My wife and i recently purchased a Jotul GF 600 DV II freestanding gas stove, which is scheduled for installation at the end of the month.  We like the optional screen which, when in place with the doors open, makes the glass "disappear", but the dealer mentioned this cuts down somewhat on the amount of heat radiated through the front of the unit.  My question is, where does this heat go?  It seems like it has got to go somewhere; maybe through the top of the stove.  Will I still get the same amount of heat from the unit with the screen in place as without?  Thanks for your help....tonyg


----------



## R&D Guy (Oct 4, 2008)

Tony, for the most part that extra heat goes out the flue. The firebox will also be slightly hotter so some of that heat will be transferred into your house, but for the most part it will go out the flue. The screen cuts down on the amount of radiant heat your fireplace emits into the room and also slows the air that naturally passes over the glass so less natural convection takes place. When safety testing appliances for another mfg I typically see and increase in flue and pipe temps and decrease in floor temps in front of the unit when screen is installed.

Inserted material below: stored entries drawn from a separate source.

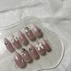 桃チークネイフレンチガーリー ワンホン リボン y2k 量産型 韓国ネイル
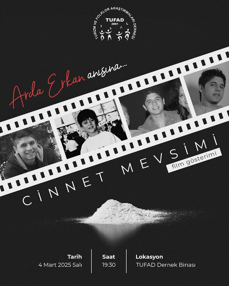 Turizm ve Folklor Araştırmaları Derneği organizasyonu ile 2015 yılında uyuşturucu tacirlerinin kurbanı olan ve genç yaşta hayatını kaybeden Arda Erkan anısına çekilen belgeselin gösterimi, 4 Mart Salı saat 19.30’da TUFAD lokalinde yapılacak.
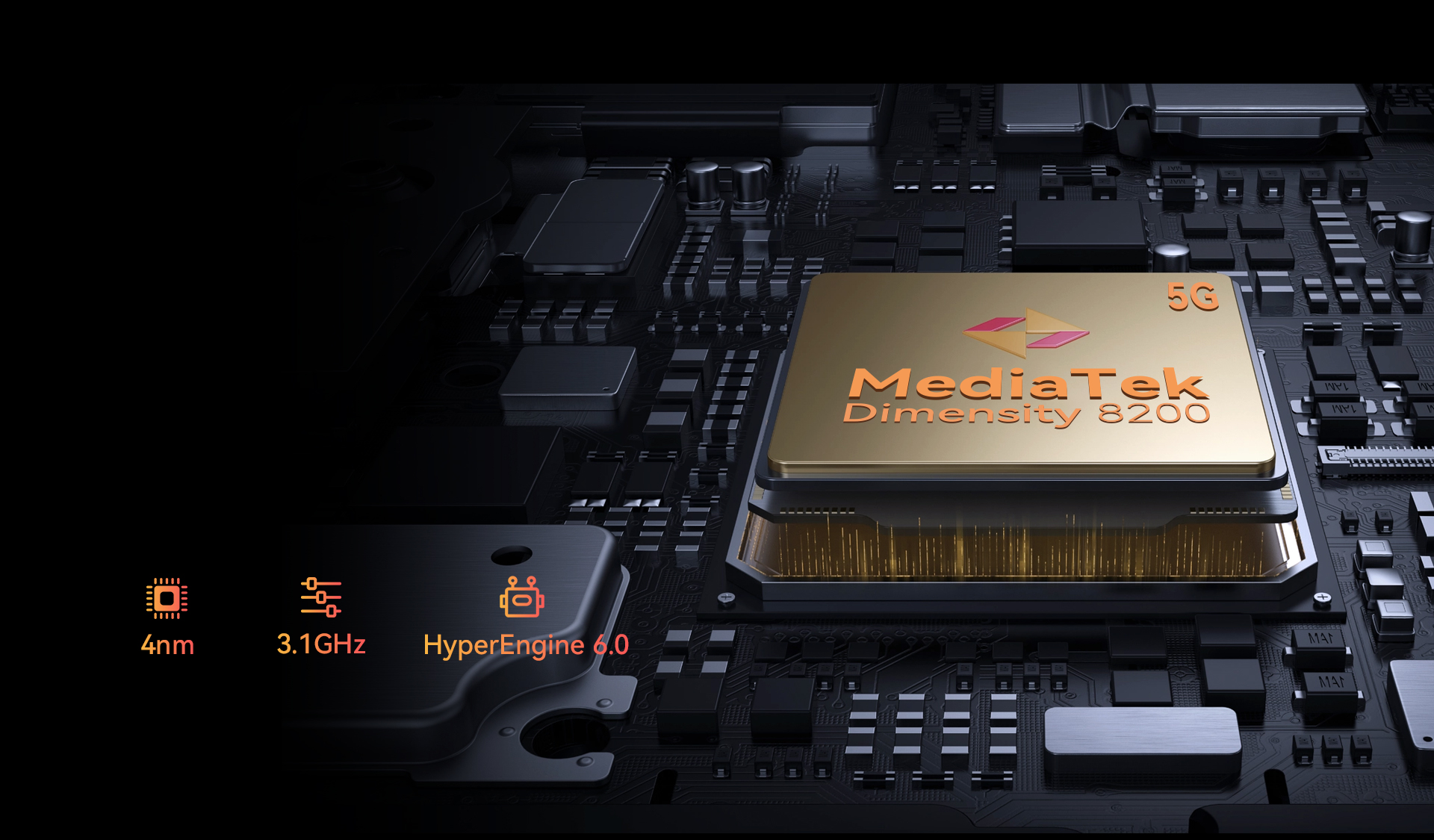 | CPU | MediaTek Dimensity 8200, Octa-core, 4nm 4x A78 (1x 3.1GHz + 3x 3.0GHz) + 4x A55 2.0GHz |
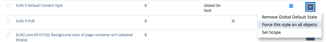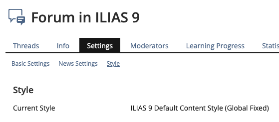 - The subtab "Style" is not hidden when no changes can be made. Instead, it shows the locked style as conventional in ILIAS.
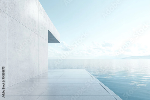 © fei, Obraz premium Abstract 3D rendering of minimalist style architectural space scene, mountain and lakeside building
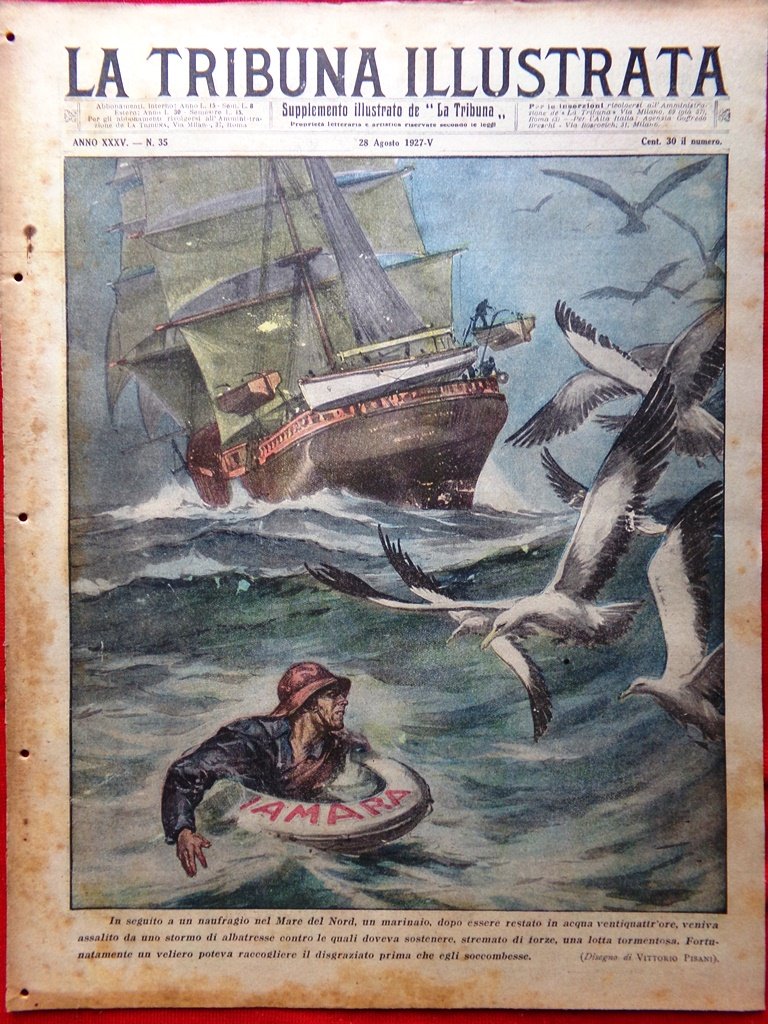 In seguito a un naufragio nel Mare del Nord, un marinaio rimasto in acqua 24 ore, veniva assalito da uno stormo di albatros contro il quale doveva lottare. Fortunatamente fu raccolto da un veliero prima che soccombesse (disegno di Vittorio Pisani)
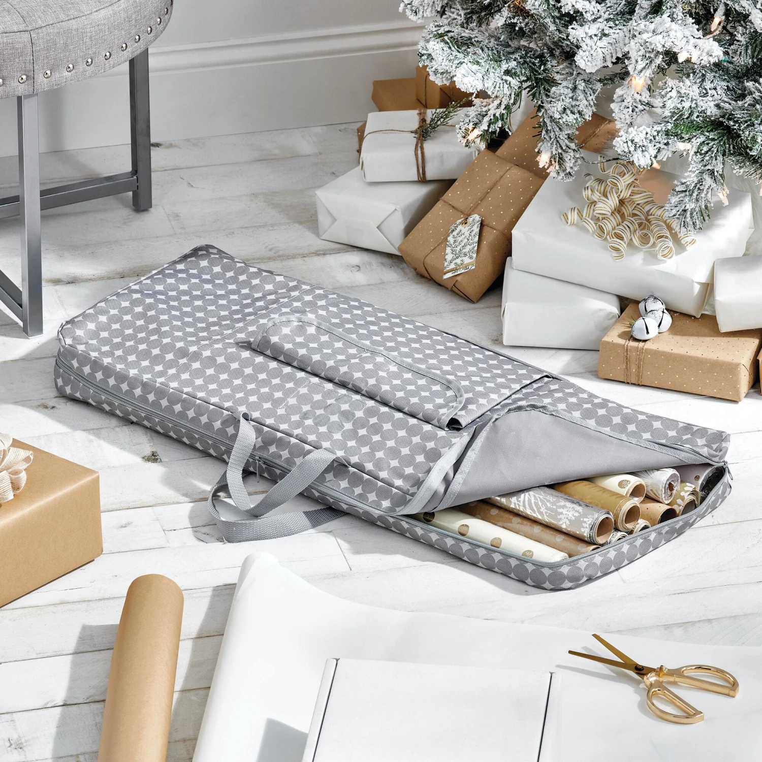 This is the all-in-one gift-wrapping storage solution you need to master the holidays. Store gift-giving essentials like wrapping paper, ribbons, bows, and more. The low profile allows you to store under beds or sofas utilizing often-wasted space. This gift wrapping essential is complete with a front label holder and outer pocket.
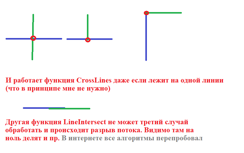 Функия проверяет отрезки на пересечения, если они пересекаются, то функция возвращяет true и устанавливает в глобалке точку пересечения.
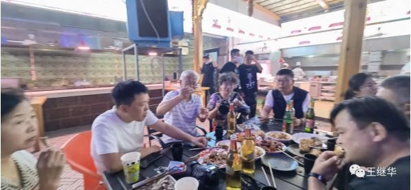 在公路休息區,隨團的女子攝影協會付會長姜曉紅和攝影家彭曉榮請大家在巴音郭楞蒙巴倫臺“好朋友”飯店吃羊肉抓飯。羊肉特別鮮美,沒有膻味。應該做核酸檢測了,現在監測點到處都是。吃完飯發現隔壁正好有核酸檢測點,大家順便做了檢測,后天就要回家了。
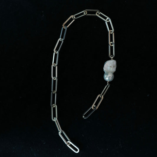 Rika Silver Chain with Big Baroque Pearl Necklace
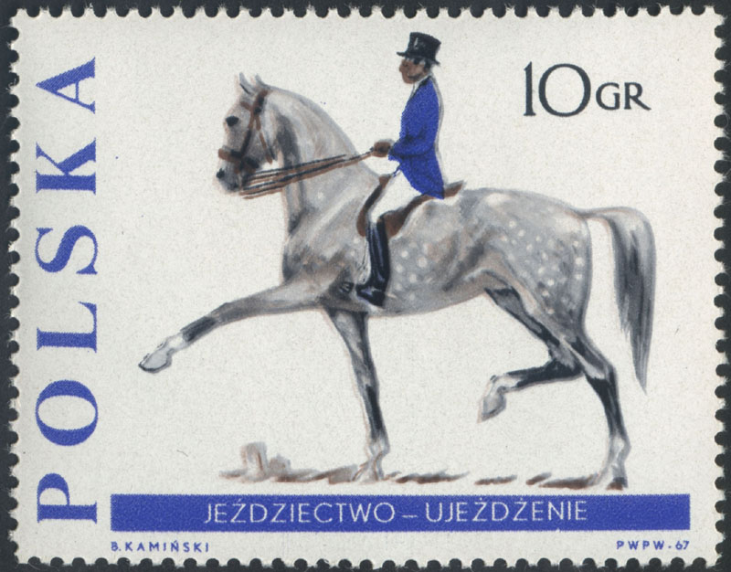 1967 jeździectwo, znaczek z niespasowanym drukiem kolorów, gwarancja Walocha. | Fi.1592MK Mi.1740 |
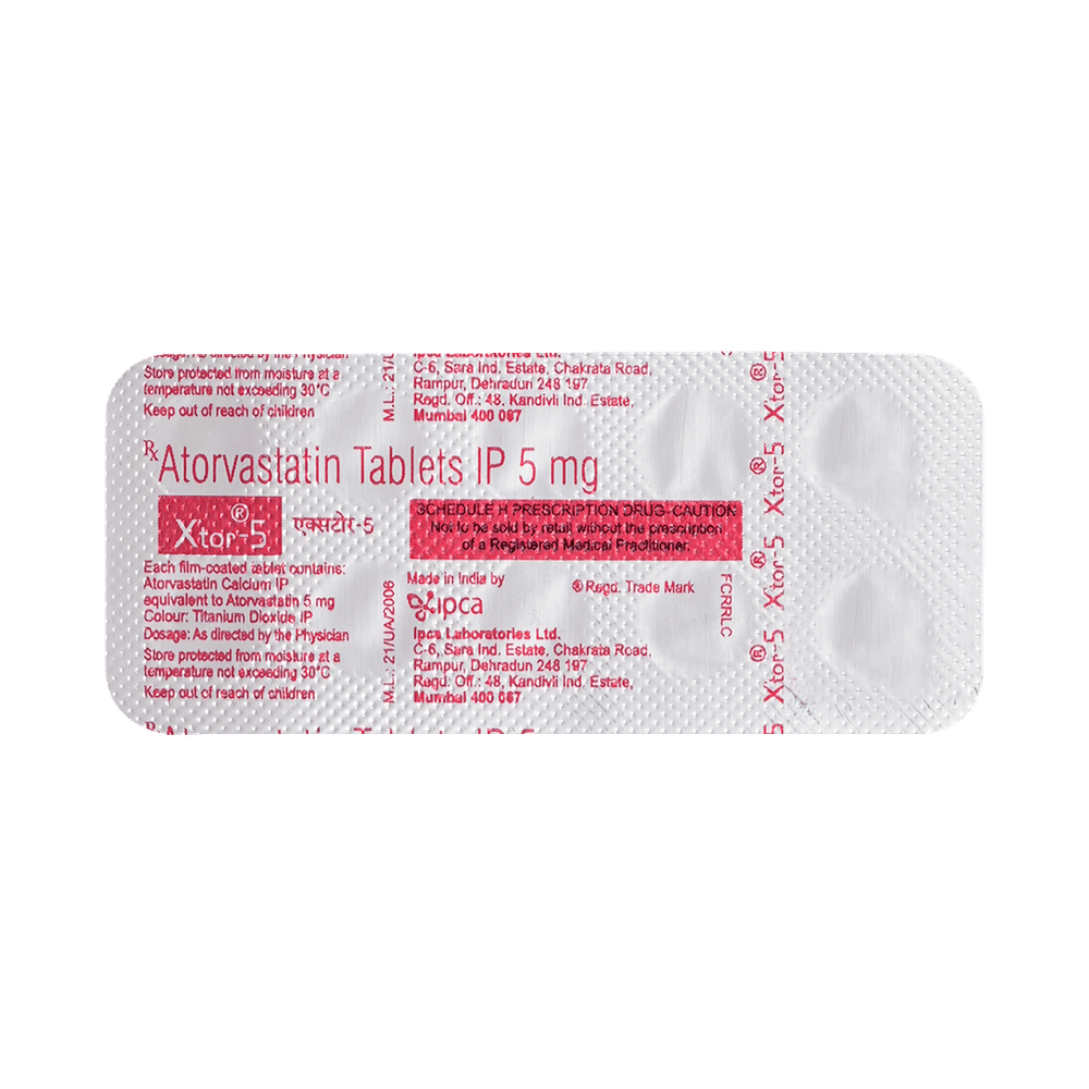 Xtor 5 Tablet belongs to a group of medicines called statins. It is used to lower cholesterol and to reduce the risk of heart disease. Cholesterol is a fatty substance that builds up in your blood vessels and causes narrowing, which may lead to a heart attack or stroke. Xtor 5 Tablet is a widely prescribed medicine and is regarded as safe for long-term use when taken as per the doctor's advice. It can be taken with a meal or on an empty stomach. You can take it at any time of the day, but try to take it at about the same time each day. Most people with high cholesterol do not feel ill, but stopping the medicine may increase cholesterol levels, thereby increasing the risk of heart disease and stroke.It is important to have your cholesterol levels checked regularly. This medicine is only one part of the treatment program, which should also include a healthy diet, regular exercise, smoking cessation, moderation of alcohol intake, and weight reduction. You can eat normally while taking this medicine, but try to avoid foods that are high in fat.Common side effects of this medicine include nausea, diarrhea, indigestion, muscle pain (on long-term use), and joint pain. These are usually mild and disappear after a short time. Consult your doctor if they persist or if you notice any yellowing of your eyes or get repeated or unexplained muscle pains.This medicine should not be used in some conditions, such as liver disease. Also, pregnant women and breastfeeding mothers should not take this medicine, as it may harm the developing baby. Diabetic patients should monitor their blood sugar levels while taking this medicine, as it may increase their blood sugar levels. Your doctor may check your liver function before starting the treatment and monitor it regularly thereafter.

In general its a small amount and I'm guessing the screen can be easily removed so you can try both ways out at home and see if its an issue.


----------



## Fire Bug (Nov 21, 2008)

tonyg said:
			
		

> My wife and i recently purchased a Jotul GF 600 DV II freestanding gas stove, which is scheduled for installation at the end of the month.  We like the optional screen which, when in place with the doors open, makes the glass "disappear", but the dealer mentioned this cuts down somewhat on the amount of heat radiated through the front of the unit.  My question is, where does this heat go?  It seems like it has got to go somewhere; maybe through the top of the stove.  Will I still get the same amount of heat from the unit with the screen in place as without?  Thanks for your help....tonyg



Hi Tony,
 I have the same stove I believe, the Jotul GF 600 DV Firelight. I have it about 3 years now. 
 I have the firescreen, blower kit, and the brick kit on mine. I can't believe that the screen would make that much difference in the heat output but than again it might since most of the heat on mine comes out the front through the glass and the top grate from the blower, the sides of the unit just get warm to the touch.
 There is a exhaust restrictor you can set on this unit that is set according to the height of your chimney, this will help greatly to keep alot of the heat from going up the chimney exhaust linner.
 Is yours LP or Natural Gas?
Thanks,
John,(Fire Bug)


----------